▶ **Prompt**
Range to copy from the entries below: the line containing "2005 Zenith Greg" through the line containing "ワードローブにあると嬉しい美", inclusive. Retype only those lines, exactly, without any images.

▶ **Listed entries**
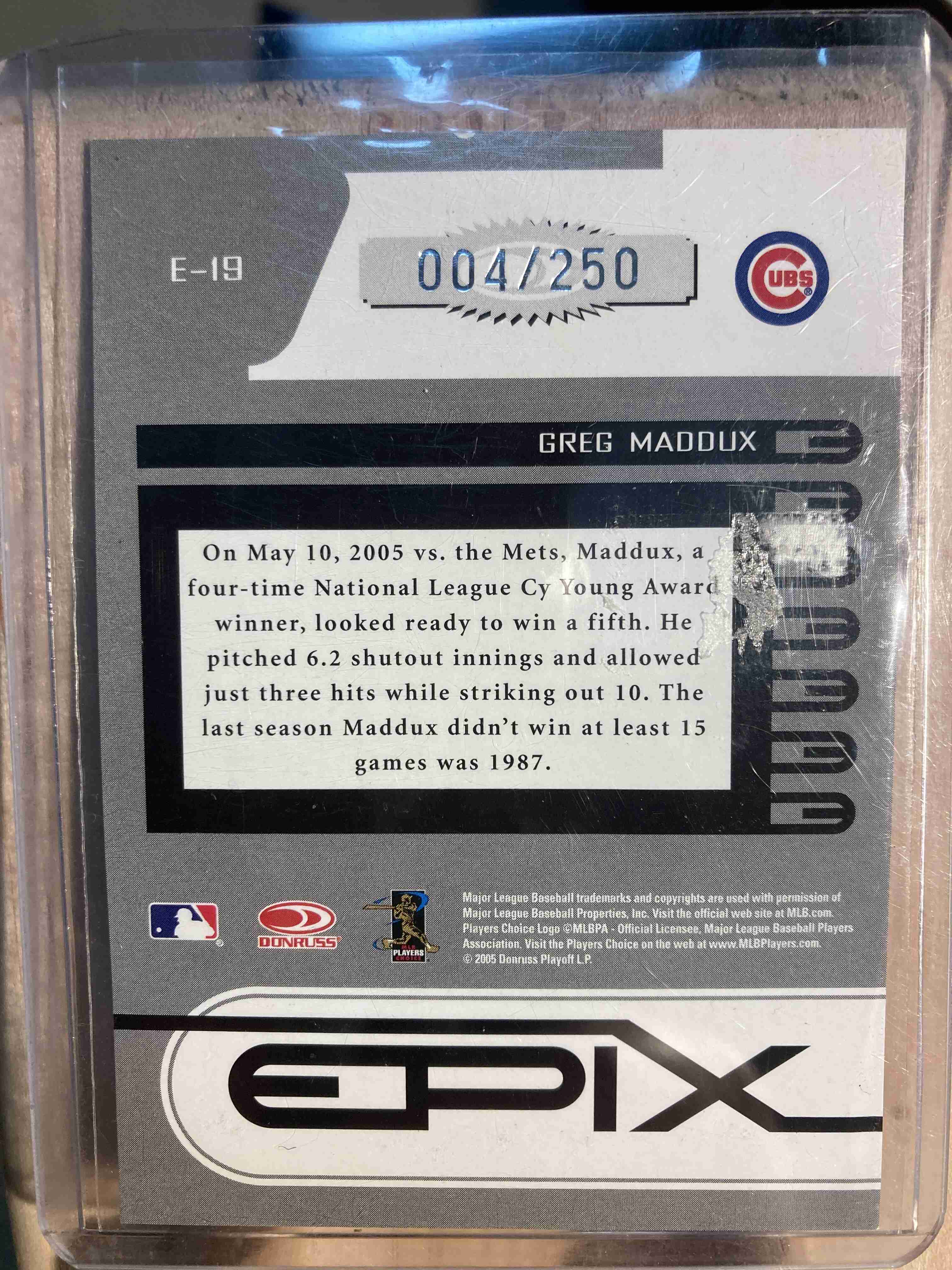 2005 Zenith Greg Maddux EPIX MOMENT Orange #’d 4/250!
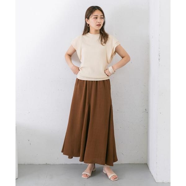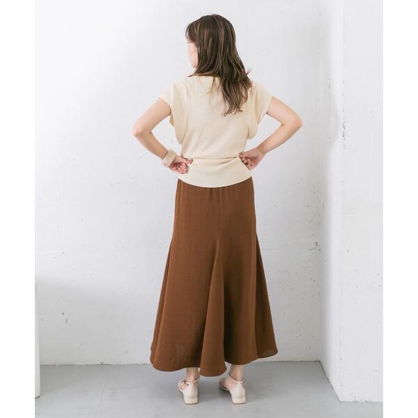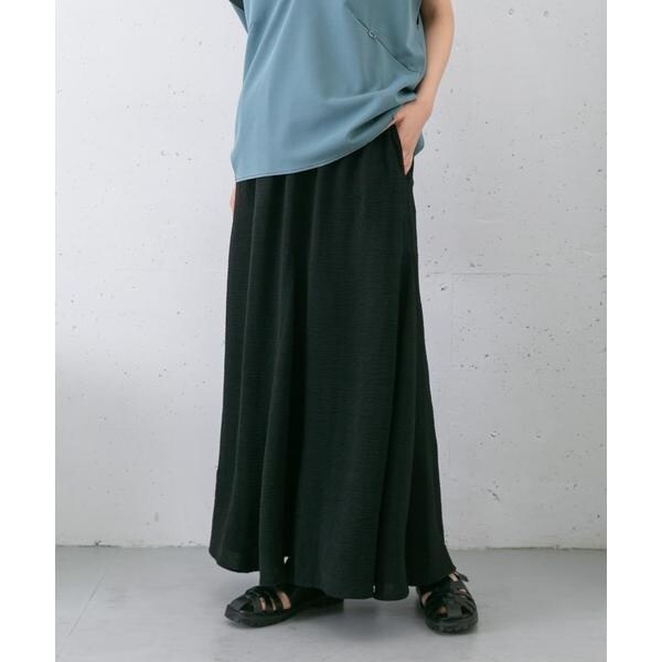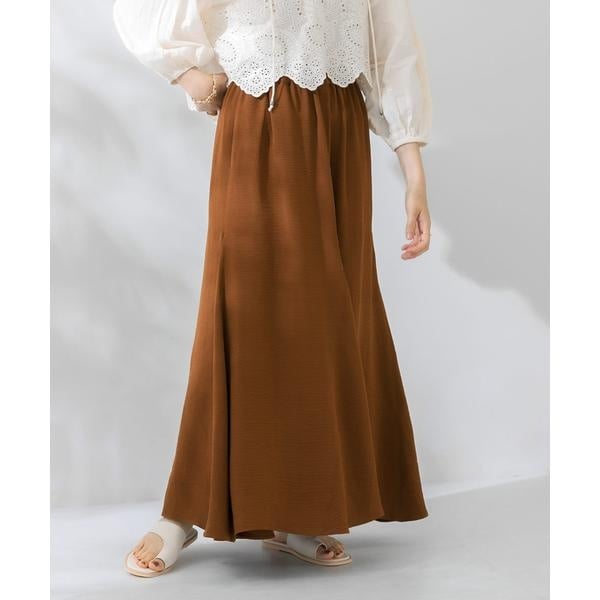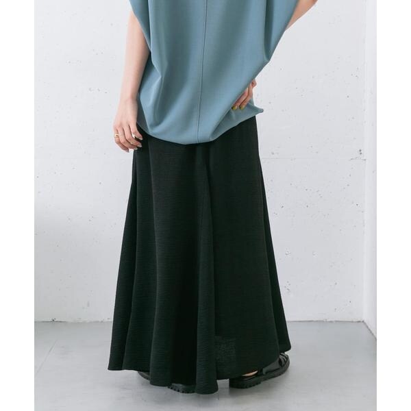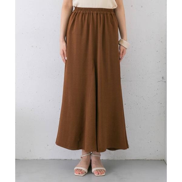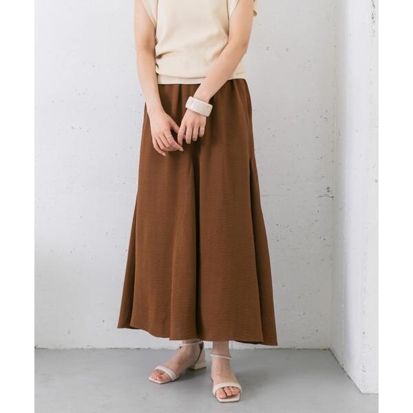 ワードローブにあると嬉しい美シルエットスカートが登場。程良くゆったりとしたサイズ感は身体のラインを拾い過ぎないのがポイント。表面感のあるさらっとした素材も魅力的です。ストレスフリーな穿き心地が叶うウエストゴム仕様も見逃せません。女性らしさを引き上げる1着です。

...

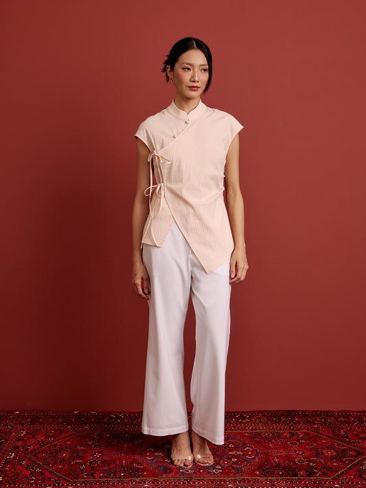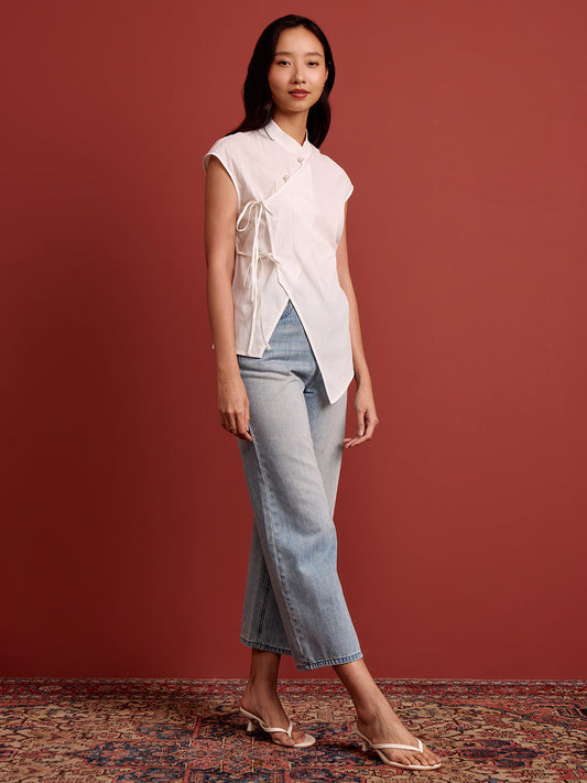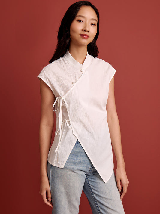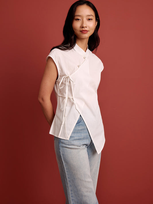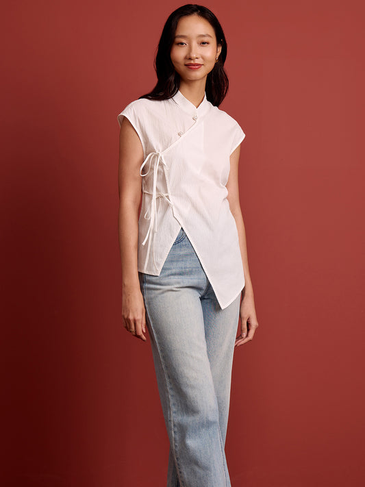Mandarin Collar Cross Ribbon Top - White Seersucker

▶ **Answer section**
 2005 Zenith Greg Maddux EPIX MOMENT Orange #’d 4/250!
 ワードローブにあると嬉しい美シルエットスカートが登場。程良くゆったりとしたサイズ感は身体のラインを拾い過ぎないのがポイント。表面感のあるさらっとした素材も魅力的です。ストレスフリーな穿き心地が叶うウエストゴム仕様も見逃せません。女性らしさを引き上げる1着です。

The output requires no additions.